Bucket Nut is one of the more civil things I get called when I'm fighting. And I was so chuffed the kid recognised me I strolled over, all casual like. I took my jacket off as I went so everyone could
see the size of my arms. I'm proud of my arms. A lot of time and trouble went into them. I'm not so proud of my belly but I wasn't going to show it off to anyone, was I? Not in the middle of the road, I wasn't. Not without getting paid.

‘Give us a hand, Eva,' Crystal said again.

‘You really Bucket Nut?' one of the kids asked.

‘What you think?' I said. ‘And watch yer mouth or I'll show yer.'

‘My dad says wrestling's all an act.'

‘Yeah?' I said, taking just one pace forwards. I could tell the kid was impressed. He took two paces backwards.

I was chuffed to buggery. This time last year no one knew me. Now I get recognised in the street. It goes to show I'm on my way.

‘My dad says wrestlers are about as much use as jelly doorknockers,' the kid said. ‘When it comes to real fighting …'

‘Tell you what,' I said, ‘you give me your dad's name and address, if you know it, and I'll see what he says when I push you through his letter box.'

Crystal said, ‘Why don't you stop posing and help me?'

She'd got Dawn sat up and she'd wiped her off a bit, but it would've taken an engine hoist to get her on her feet. She didn't have any bones in her legs. I've seen my ma in that state, and there's only one thing for it – the good old-fashioned fireman's lift. Which is what I did. Not for Dawn, mark you. She could go rotten in the road for all I cared. But Crystal and me have a history. We aren't mates – we never were, exactly, but we were in the same boat once or twice, and if she never did me any favours, she never did me any damage either. And that's as close as I get to having friends.

Crystal's room looked a lot like her stall. She didn't have furniture, it was more like her stock-room with a mattress in the middle. We laid Dawn out to snore and then Crystal went back to the market, and I went off to the yard.

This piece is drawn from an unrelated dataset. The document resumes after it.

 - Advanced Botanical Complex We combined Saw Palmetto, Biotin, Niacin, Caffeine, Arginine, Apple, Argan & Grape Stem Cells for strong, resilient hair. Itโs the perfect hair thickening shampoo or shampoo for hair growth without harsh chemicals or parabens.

That's where I live – a breaker's yard. And if you think that's funny, ask yourself, do
you
get paid to live where you live? If you're the one with a landlord or a mortgage don't you sneer at me. I get
my accommodation free. It goes with the job. Because that's the other thing I do besides the wrestling – I mind the yard at night. So if you fancy a few spares or plant, and if you don't fancy paying for it, it's me and my dogs you have to deal with. You won't find it easy, let me tell you. Me and Ramses and Lineker have practically a clean sheet where thieving is concerned. We may not be pretty, but we're bleeding effective, and between us we can pack a lot of muscle and make a lot of noise.

So that night, after all the men had gone home, I locked up the yard, as always, and I let out the dogs, and we did a tour of the property. I'm supposed to be there all night, but sometimes there are other things to do. It depends who pays best. But so long as I'm back in time to feed the dogs and open up, who's to know?

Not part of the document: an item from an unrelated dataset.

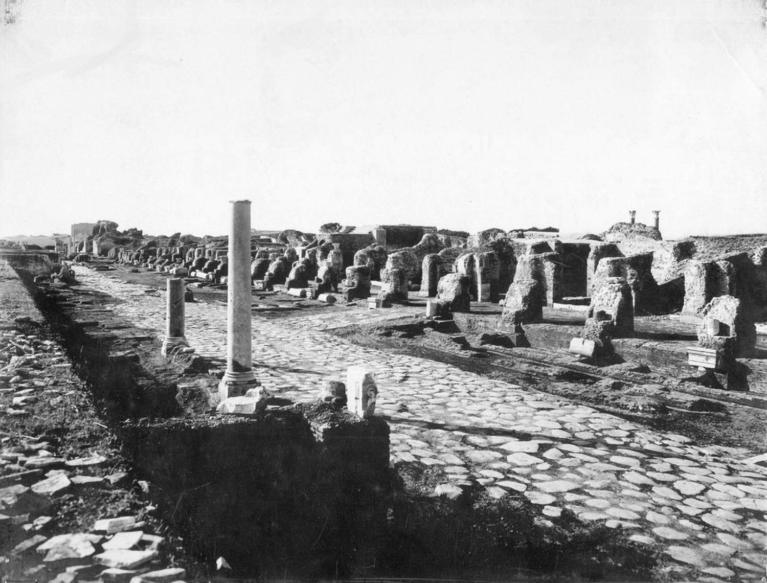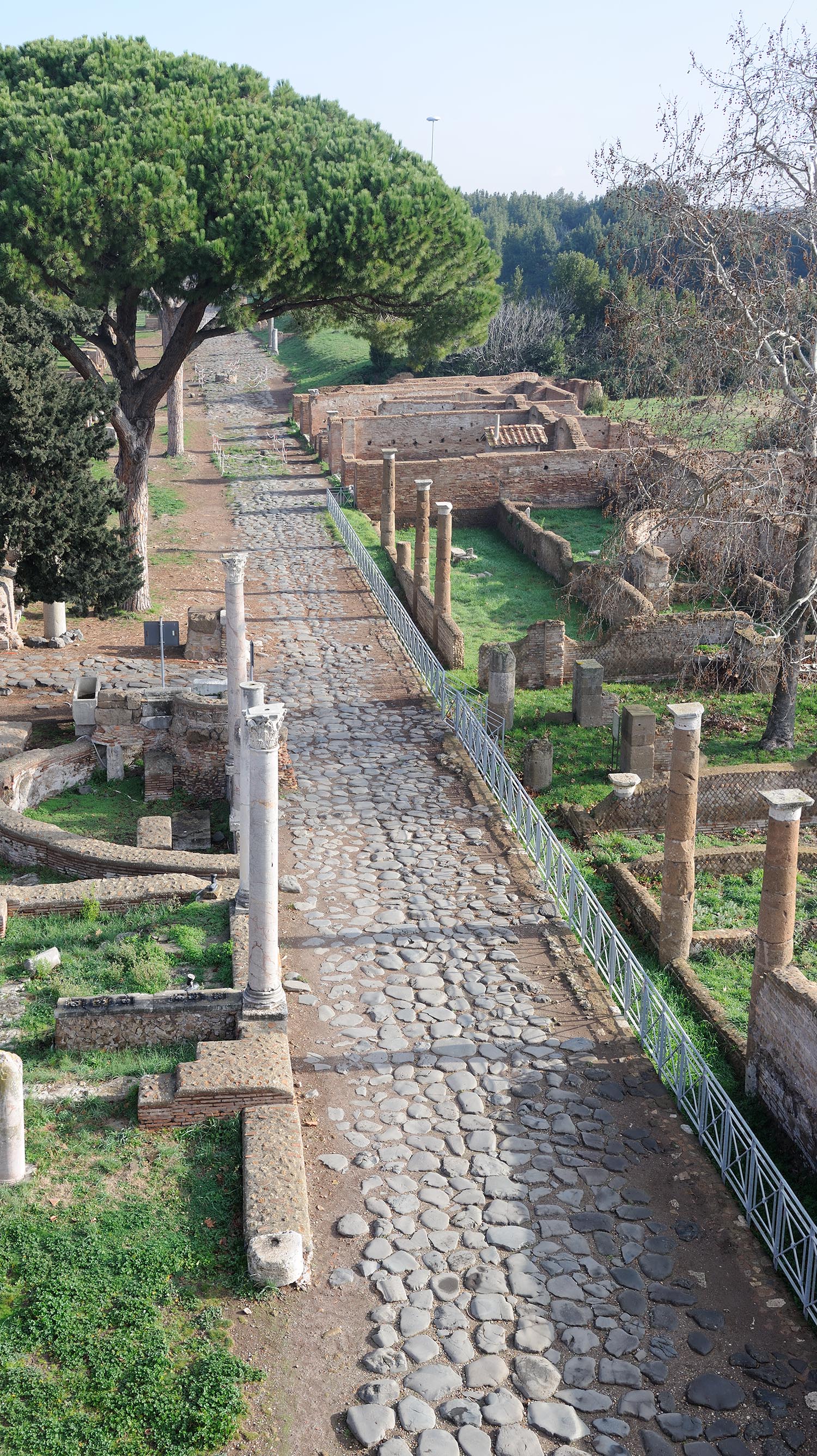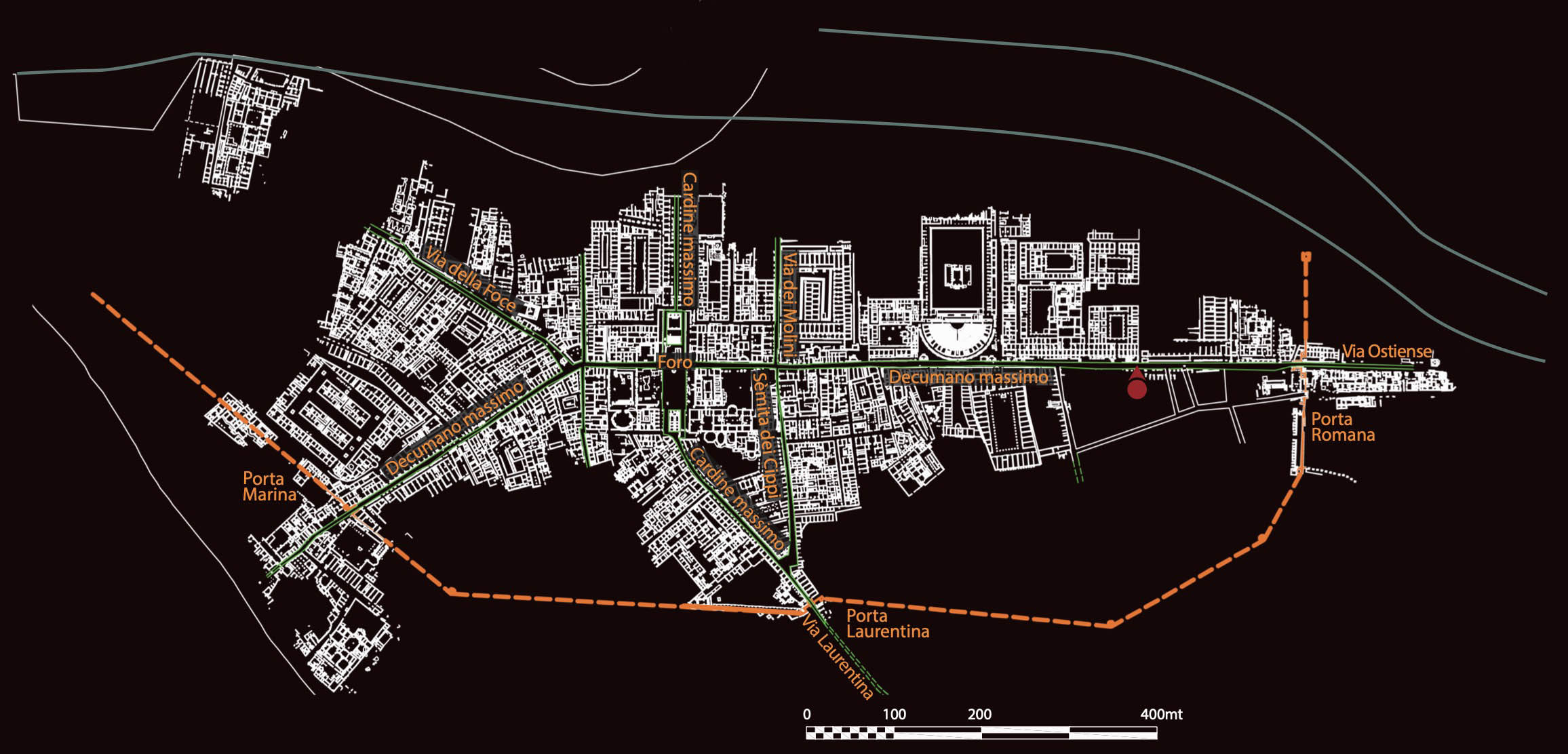 The city’s main streets were the Decumanus and the Cardo, which crossed each other at the Forum. The former was the stretch of the Via Ostiensis inside the city, running east-west and turning slightly towards the south in the direction of the sea. The southern stretch of the Cardo followed the course of the more ancient Via Laurentina inside the city; the northern stretch, built from scratch, reached the banks of the Tiber. Other streets also ran towards the river, like Via della Foce and the Semita (or path) dei Cippi, important for commercial purposes. Many of the city’s major streets were built over more ancient routes, thus explaining the irregular orientation of the various districts. There was also a dense network of smaller lanes.

Tonight I was going to see The Enemy. She thinks she's so sharp and in control and she's just waiting to catch me at it. At what? Who bleeding knows? There are some people like that, and they're all polizei of one breed or another.

That's right, The Enemy is a lady cop. She says she isn't any more, but I say, once a copper always a copper. You can't clean it off like shit on your shoes.

The sign on the door says ‘Lee-Schiller'. Lee is The Enemy, Mr Schiller is her partner. He's an old geezer, and the secretary is an old bird. The Enemy runs a day-care centre for wrinklies. Which is why she needs me for stuff that can't be done by someone in a walking frame.